◆ Exercise brief ◆
The answer must consist solely of the lines from the opening line of the entries through the line with "6.确认申报信息后点击【提交】,可在申报成功的页面确认缴款。", transcribed exactly and without any pictures.

Saved entries:
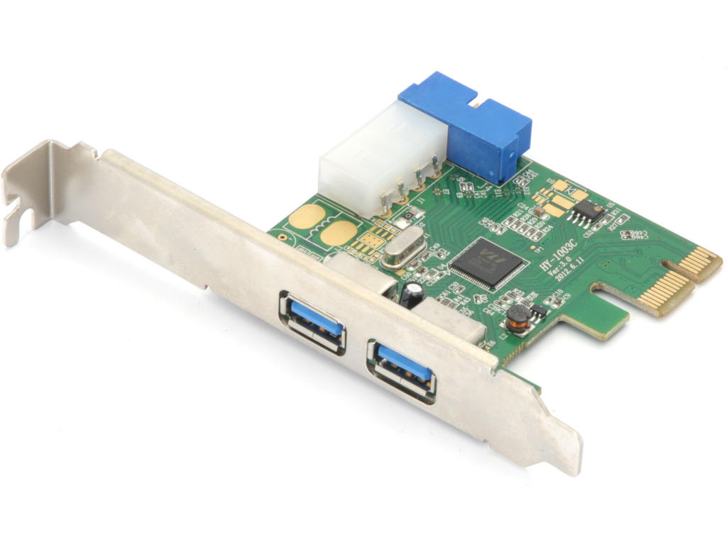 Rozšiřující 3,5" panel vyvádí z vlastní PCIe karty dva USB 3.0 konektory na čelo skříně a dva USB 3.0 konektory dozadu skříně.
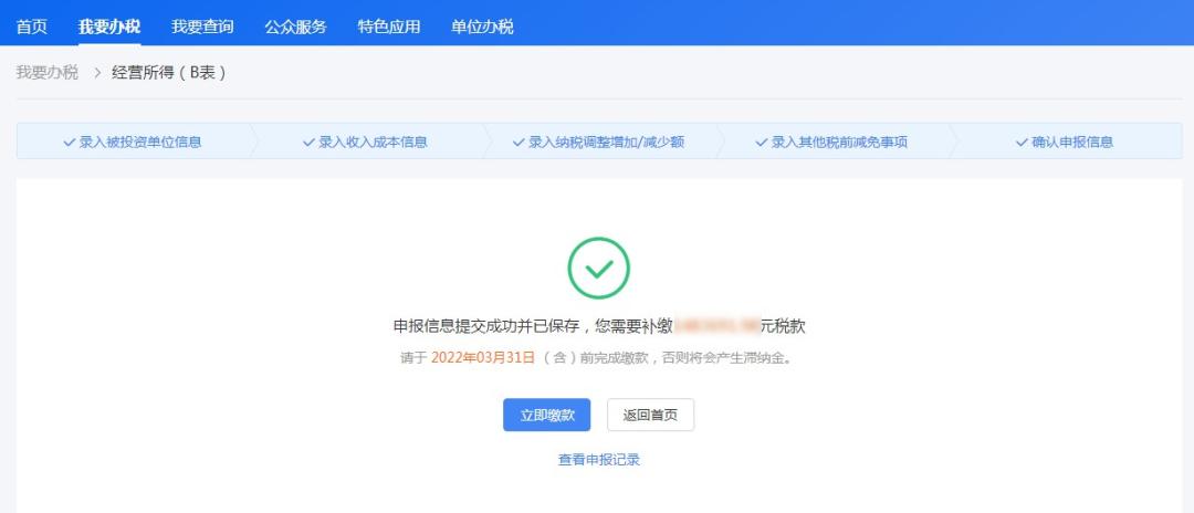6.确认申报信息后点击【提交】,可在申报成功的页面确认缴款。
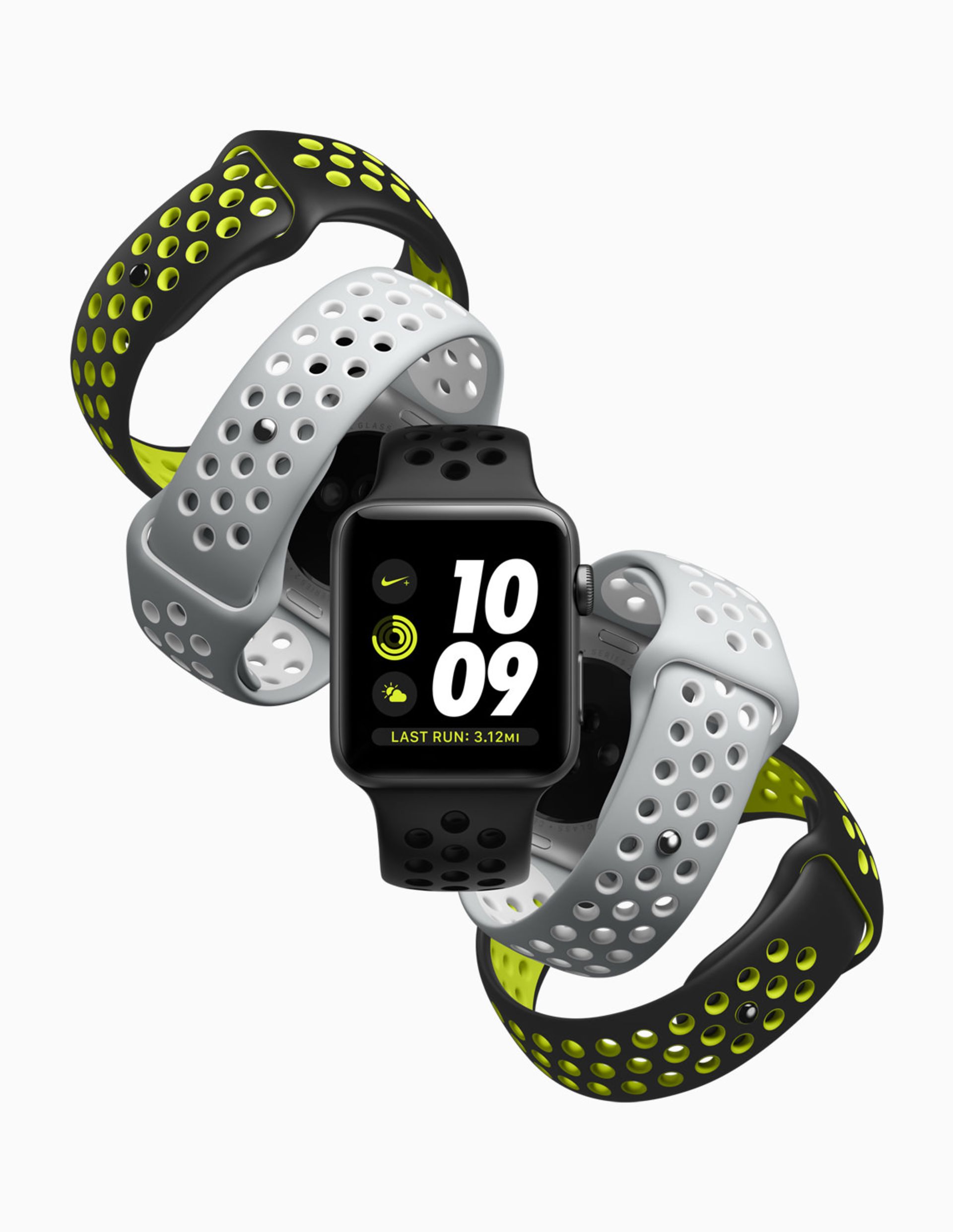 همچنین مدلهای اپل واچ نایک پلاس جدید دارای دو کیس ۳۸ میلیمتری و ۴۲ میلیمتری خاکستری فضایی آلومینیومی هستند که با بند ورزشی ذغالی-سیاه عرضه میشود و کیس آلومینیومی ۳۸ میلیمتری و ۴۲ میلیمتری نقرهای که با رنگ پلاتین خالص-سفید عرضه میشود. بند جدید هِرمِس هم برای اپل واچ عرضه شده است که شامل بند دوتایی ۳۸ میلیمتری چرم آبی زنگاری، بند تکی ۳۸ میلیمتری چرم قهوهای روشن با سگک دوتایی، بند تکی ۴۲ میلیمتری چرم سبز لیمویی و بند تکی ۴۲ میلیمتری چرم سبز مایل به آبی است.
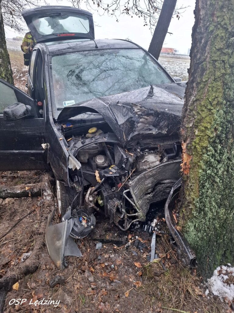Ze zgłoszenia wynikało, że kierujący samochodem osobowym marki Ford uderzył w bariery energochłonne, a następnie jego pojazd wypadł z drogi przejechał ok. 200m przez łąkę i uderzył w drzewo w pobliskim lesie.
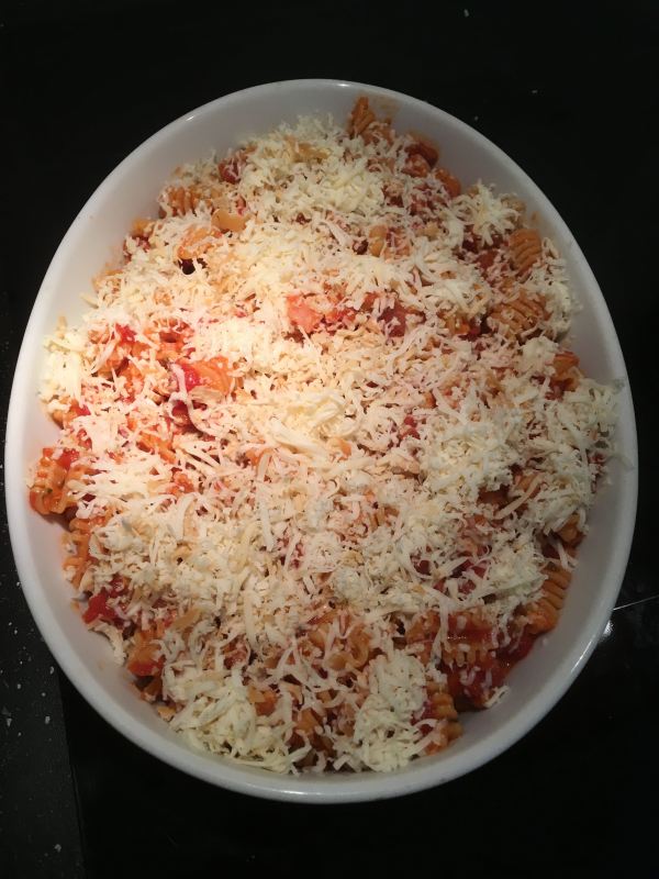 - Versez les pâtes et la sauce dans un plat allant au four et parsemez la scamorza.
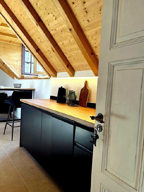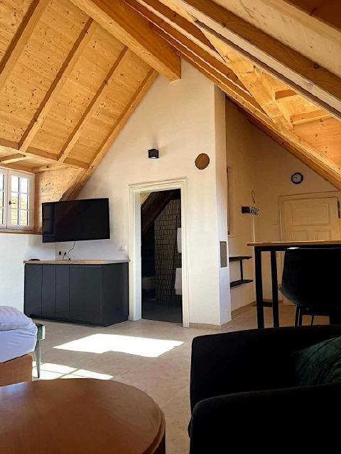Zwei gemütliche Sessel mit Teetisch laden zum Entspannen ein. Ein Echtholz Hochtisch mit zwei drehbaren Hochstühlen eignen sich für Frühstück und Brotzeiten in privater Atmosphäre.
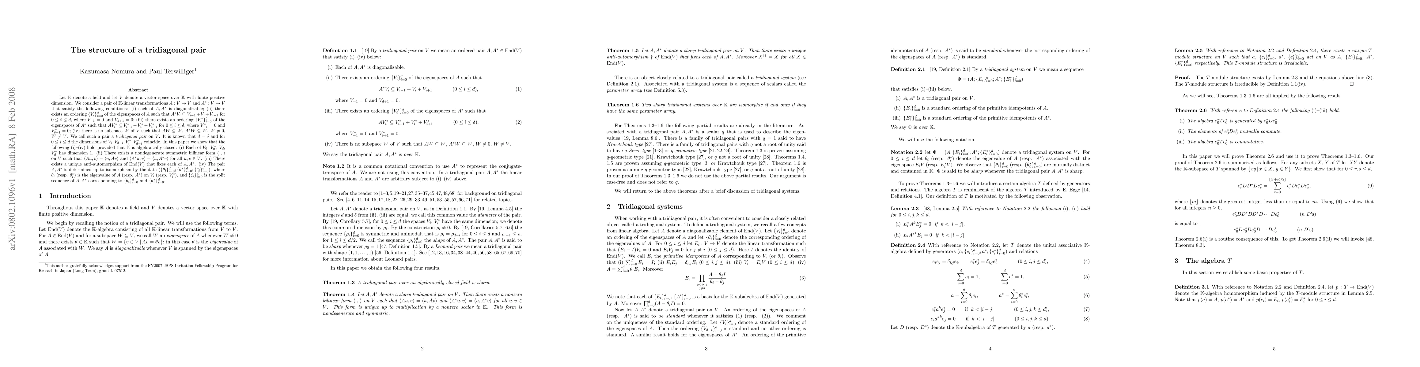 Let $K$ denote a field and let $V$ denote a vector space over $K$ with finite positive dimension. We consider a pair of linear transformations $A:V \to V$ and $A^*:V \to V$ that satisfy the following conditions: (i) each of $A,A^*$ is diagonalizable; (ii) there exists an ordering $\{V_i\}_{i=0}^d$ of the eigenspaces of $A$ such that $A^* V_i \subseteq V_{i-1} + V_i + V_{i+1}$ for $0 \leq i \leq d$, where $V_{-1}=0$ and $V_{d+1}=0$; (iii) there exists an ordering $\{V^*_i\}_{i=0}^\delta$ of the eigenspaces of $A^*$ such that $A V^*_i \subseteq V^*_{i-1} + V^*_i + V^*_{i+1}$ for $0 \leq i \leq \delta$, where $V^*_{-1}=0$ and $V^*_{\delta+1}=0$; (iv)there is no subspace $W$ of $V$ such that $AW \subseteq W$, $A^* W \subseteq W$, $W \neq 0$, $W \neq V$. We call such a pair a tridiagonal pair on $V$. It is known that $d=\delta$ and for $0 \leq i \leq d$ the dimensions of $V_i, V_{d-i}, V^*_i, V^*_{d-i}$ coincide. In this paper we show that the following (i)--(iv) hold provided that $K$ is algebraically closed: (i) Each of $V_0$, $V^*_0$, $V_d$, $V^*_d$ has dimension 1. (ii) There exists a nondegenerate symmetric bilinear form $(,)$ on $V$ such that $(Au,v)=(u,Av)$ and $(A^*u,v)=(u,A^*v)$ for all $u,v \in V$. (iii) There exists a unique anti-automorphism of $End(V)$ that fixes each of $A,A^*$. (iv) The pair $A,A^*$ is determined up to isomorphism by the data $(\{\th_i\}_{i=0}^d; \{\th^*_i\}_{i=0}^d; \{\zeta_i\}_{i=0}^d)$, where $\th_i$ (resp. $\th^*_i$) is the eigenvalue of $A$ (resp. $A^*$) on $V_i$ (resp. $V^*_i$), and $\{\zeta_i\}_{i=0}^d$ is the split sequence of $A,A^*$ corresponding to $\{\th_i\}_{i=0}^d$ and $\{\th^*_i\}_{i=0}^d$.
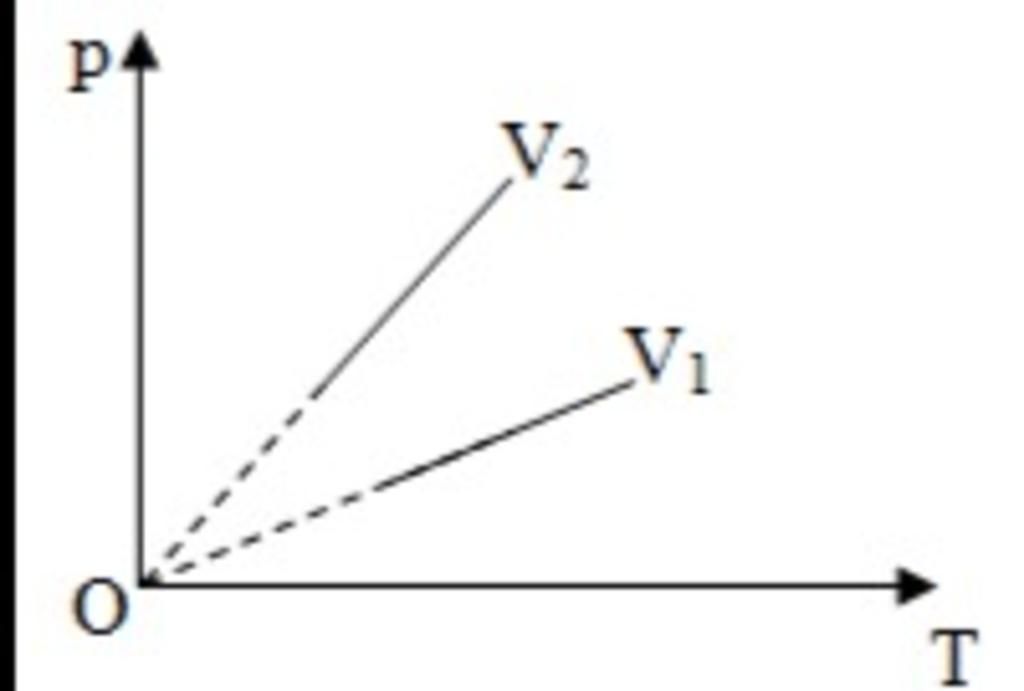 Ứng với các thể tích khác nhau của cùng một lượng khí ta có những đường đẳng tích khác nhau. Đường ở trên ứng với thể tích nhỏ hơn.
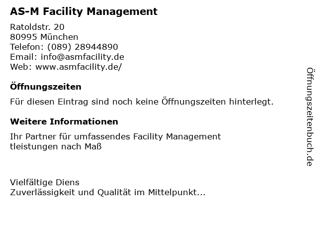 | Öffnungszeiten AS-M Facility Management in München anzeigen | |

◆ Answer ◆
 Rozšiřující 3,5" panel vyvádí z vlastní PCIe karty dva USB 3.0 konektory na čelo skříně a dva USB 3.0 konektory dozadu skříně.
6.确认申报信息后点击【提交】,可在申报成功的页面确认缴款。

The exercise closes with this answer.